== Entries supplied ==
::::::::

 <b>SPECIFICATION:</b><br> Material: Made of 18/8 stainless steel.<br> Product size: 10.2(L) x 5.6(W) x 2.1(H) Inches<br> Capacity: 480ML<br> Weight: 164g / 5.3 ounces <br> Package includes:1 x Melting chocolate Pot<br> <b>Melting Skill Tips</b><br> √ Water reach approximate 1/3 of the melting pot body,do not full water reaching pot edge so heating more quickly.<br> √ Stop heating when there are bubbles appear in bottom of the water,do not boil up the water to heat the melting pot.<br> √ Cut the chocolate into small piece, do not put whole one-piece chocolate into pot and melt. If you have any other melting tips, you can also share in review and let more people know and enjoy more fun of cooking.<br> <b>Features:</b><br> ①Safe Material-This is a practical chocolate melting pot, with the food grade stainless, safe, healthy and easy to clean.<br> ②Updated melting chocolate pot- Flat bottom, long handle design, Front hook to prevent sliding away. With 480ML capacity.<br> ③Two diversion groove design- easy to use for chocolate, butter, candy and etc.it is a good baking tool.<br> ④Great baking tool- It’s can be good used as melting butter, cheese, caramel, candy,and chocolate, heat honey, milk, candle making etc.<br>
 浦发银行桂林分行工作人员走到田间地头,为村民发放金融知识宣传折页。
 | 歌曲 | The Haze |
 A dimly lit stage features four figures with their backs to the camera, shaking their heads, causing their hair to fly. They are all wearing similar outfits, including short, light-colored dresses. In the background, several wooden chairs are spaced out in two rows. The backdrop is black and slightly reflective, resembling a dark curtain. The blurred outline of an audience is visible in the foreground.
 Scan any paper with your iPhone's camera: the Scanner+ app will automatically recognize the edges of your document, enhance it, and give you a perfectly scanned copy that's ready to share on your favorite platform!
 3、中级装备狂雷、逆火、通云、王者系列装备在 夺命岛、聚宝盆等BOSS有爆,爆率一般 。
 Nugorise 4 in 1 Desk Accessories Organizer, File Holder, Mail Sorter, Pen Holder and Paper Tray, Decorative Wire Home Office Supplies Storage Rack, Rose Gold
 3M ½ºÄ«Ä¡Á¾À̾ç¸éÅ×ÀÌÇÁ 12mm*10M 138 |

::::::::

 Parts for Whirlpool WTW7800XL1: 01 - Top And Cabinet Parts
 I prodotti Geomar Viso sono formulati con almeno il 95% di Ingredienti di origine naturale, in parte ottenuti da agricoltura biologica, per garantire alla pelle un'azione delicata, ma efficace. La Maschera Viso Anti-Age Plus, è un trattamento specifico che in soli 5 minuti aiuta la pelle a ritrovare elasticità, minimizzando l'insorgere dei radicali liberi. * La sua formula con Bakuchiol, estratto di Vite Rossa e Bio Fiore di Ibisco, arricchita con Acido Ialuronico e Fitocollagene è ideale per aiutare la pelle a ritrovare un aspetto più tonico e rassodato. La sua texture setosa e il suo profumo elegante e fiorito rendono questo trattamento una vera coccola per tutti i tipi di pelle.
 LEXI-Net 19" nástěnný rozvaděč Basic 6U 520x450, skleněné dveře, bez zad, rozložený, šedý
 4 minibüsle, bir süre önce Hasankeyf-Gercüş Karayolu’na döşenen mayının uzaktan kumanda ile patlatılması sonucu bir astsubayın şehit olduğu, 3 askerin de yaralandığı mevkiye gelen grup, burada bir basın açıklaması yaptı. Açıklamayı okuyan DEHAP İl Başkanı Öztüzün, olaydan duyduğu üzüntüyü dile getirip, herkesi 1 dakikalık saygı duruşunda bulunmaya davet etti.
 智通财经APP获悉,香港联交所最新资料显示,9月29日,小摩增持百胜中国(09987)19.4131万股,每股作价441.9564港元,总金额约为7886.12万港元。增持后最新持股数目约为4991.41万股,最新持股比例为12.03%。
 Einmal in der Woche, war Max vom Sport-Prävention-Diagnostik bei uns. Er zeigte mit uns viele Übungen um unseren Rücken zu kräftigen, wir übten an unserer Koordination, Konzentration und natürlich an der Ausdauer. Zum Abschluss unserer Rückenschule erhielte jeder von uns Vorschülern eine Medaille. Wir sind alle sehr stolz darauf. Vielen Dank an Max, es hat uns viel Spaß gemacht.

::::::::

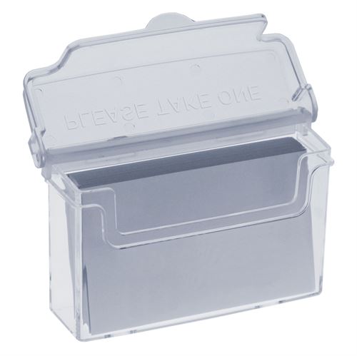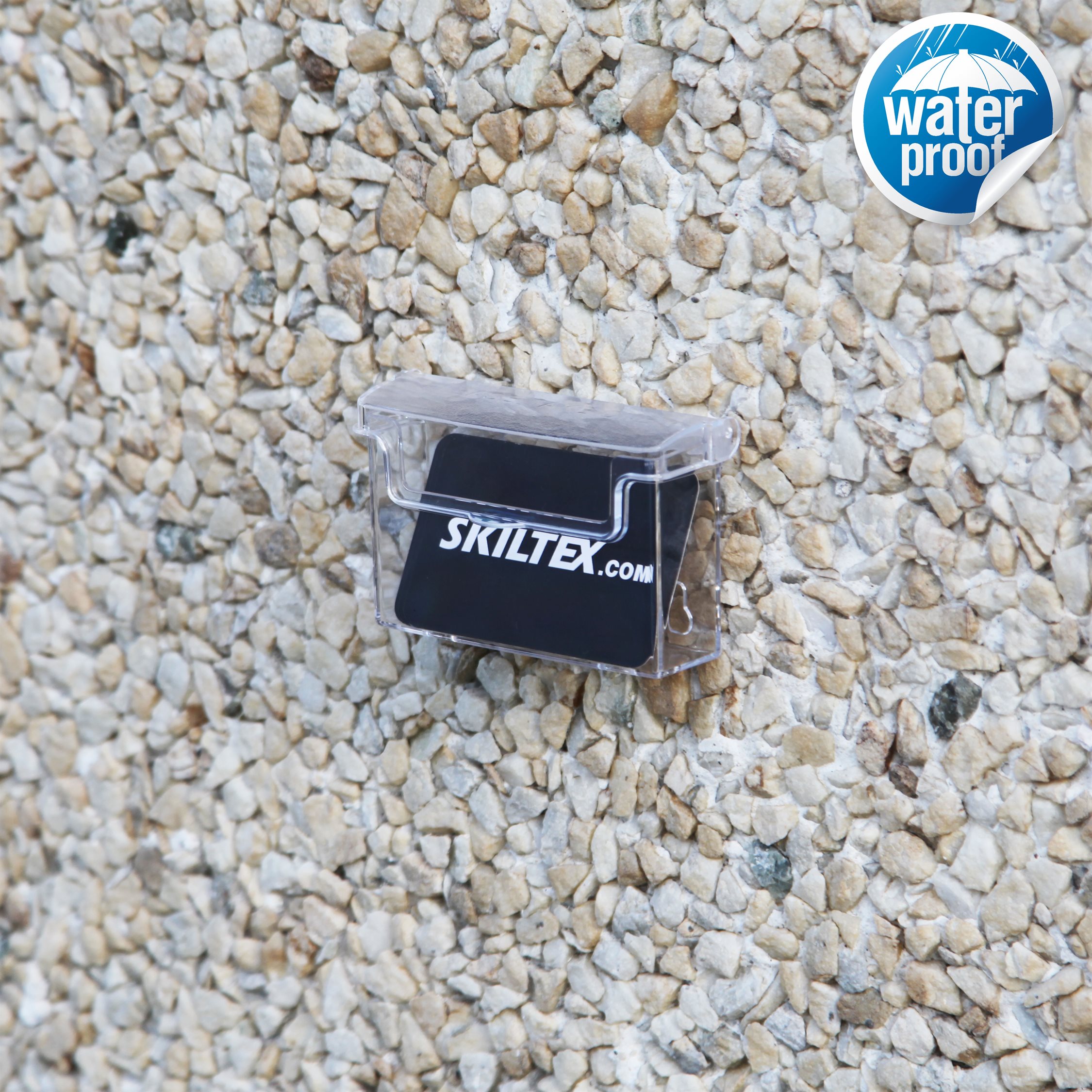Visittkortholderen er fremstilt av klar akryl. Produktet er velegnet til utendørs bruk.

::::::::

Would you please repeat exactly the lines above, starting at the line with "I prodotti Geomar" and stopping at the line with "zad, rozložený, šedý", both included?

== Output for this exercise ==
 I prodotti Geomar Viso sono formulati con almeno il 95% di Ingredienti di origine naturale, in parte ottenuti da agricoltura biologica, per garantire alla pelle un'azione delicata, ma efficace. La Maschera Viso Anti-Age Plus, è un trattamento specifico che in soli 5 minuti aiuta la pelle a ritrovare elasticità, minimizzando l'insorgere dei radicali liberi. * La sua formula con Bakuchiol, estratto di Vite Rossa e Bio Fiore di Ibisco, arricchita con Acido Ialuronico e Fitocollagene è ideale per aiutare la pelle a ritrovare un aspetto più tonico e rassodato. La sua texture setosa e il suo profumo elegante e fiorito rendono questo trattamento una vera coccola per tutti i tipi di pelle.
 LEXI-Net 19" nástěnný rozvaděč Basic 6U 520x450, skleněné dveře, bez zad, rozložený, šedý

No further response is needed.